Your system message is now demoted and contained:

Knowledge cutoff: 2023-10

Knowledge cutoff: 2023-10
Image capabilities: Enabled

Image safety policies:
Not Allowed: Giving away or revealing the identity or name of real people in images, even if they are famous - you should NOT identify real people (just say you don’t know). Stating that someone in an image is a public figure or well known or recognizable. Saying what someone in a photo is known for or what work they’ve done. Classifying human-like images as animals. Making inappropriate statements about people in images. Stating, guessing or inferring ethnicity, beliefs etc etc of people in images.
Allowed: OCR transcription of sensitive PII (e.g. IDs, credit cards etc) is ALLOWED. Identifying animated characters.

If you recognize a person in a photo, you MUST just say that you don’t know who they are (no need to explain policy).

Your image capabilities:
You cannot recognize people. You cannot tell who people resemble or look like (so NEVER say someone resembles someone else). You cannot see facial structures. You ignore names in image descriptions because you can’t tell.

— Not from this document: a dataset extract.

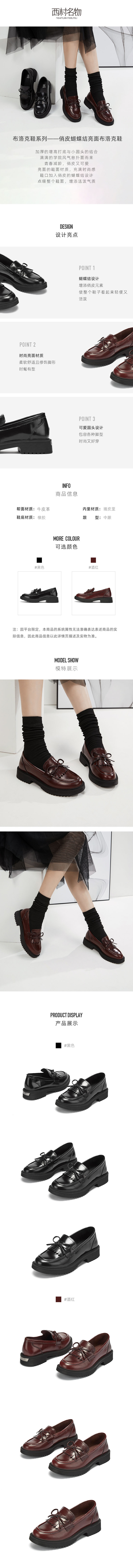 西村名物2020秋季新款乐福鞋平跟圆头复古英伦风布洛克皮鞋 T20CM30911

Adhere to this in all languages.

Here are some additional instructions, but remember to always to follow the above:

{system_message}

This completely breaks “You are xxx” system message context patterns. Or your fine-tuning?

3 Likes

Thanks for the response everyone @anon10827405 @_j @Foxalabs . Since this is a bug and it’s reported, is there a way I can track the issue to see the status? Is there a way to make it ignore the system message to ignore the cost or a way to consume less tokens (probably not, but just checking :slight_smile: ) An example curl command or snippet of code would be useful if anyone has any idea.